Direito à Esquerda 2024
Cena do filme «Direito à Esquerda»

É aí que começa a trama confusa do filme, em cujo caleidoscópio aparecem um cossaco deslocado com bigodes mal colados, um advogado medíocre que perde um caso para um oponente despreparado, um segurança japonólogo que é estereotipicamente obcecado por anime e que introduz melodias japonesas e frases sobre samurais no filme, um avô filosofando no ônibus interpretado pelo lendário Sergey Shakurov, uma garota que adora «executar» bonecos Ken, um pianista infiel, Elena Borshchova, um sexólogo introvertido. E etc., etc.

Não é de surpreender que, com esse conjunto de elementos, o filme de Garik Petrosyan tenha se tornado mais uma coleção de esquetes mal colados do que um longa-metragem (ok, até o bigode do personagem de Vladimir Sychev, apesar de todos os «mas», está colado de forma mais coerente). O humor poderia ter salvado a situação até certo ponto. Mas para cada piada bem-sucedida (cerca de 5 no filme), há uma distorção do sobrenome do protagonista. Imagine, o sobrenome Konnikov, na opinião dos autores, é a base do humor, um objeto inteiro de piadas e pronúncias erradas. Por exemplo, pode ser pronunciado como «Konyatina». Como disse o autor de um dos maiores hits do ano, «Que perguntas?»

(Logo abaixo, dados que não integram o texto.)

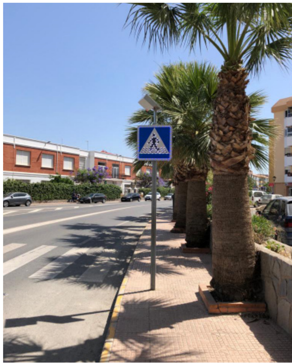
Señal luminosa en el paso de peatones frente al IES Jaroso.

De esta forma, continúan en el municipio las actuaciones cuyo objetivo no es otro que el hacer más segura y cómoda la vida de los cuevan@s.

Assistir Direito à Esquerda
Cena do filme «Direito à Esquerda»

O filme transpira infantilidade por todos os poros. Daí esses «Vanechkas», «Ivãzinhos», «Alionkas» (parece que os autores nunca ouviram como pessoas de 30 anos falam) combinados com um comportamento inadequado para adultos. Por exemplo, uma situação anedótica: uma das heroínas dorme com um colega incompetente só porque ele disse que seria diretor-geral!

A correção de cor e a trilha sonora em «Direito à Esquerda» lembram, por algum motivo, não um filme artístico, mas uma gravação de casamento. É compreensível, afinal tem o avô e o pai brigando, danças desajeitadas do noivo, crianças fazendo coro... Não dá para fazer filmes profissionais assim. E no entanto, neste mesmo mundo, as pessoas já aprenderam a filmar filmes visualmente deslumbrantes e atmosféricos com um iPhone.

Filme Direito à Esquerda
Cena do filme «Direito à Esquerda»

Apesar de todo esse bushido local, praticamente não há críticas aos atores. Eles se viram como podem, atuam onde não há o que atuar e tentam encontrar qualquer característica dos personagens que possa servir de apoio. E Roman Mayakin, com seu carisma, suaviza o absurdo que acontece na tela.

Não, há uma pergunta para os atores: «Por que vocês participaram disso?» No entanto, até mesmo os representantes do cinema devem ter o «direito» à sua «esquerda» na forma de participação em filmes como este, que não podem ser recomendados a ninguém, por nada, nunca (pode-se cantar, está no espírito do filme).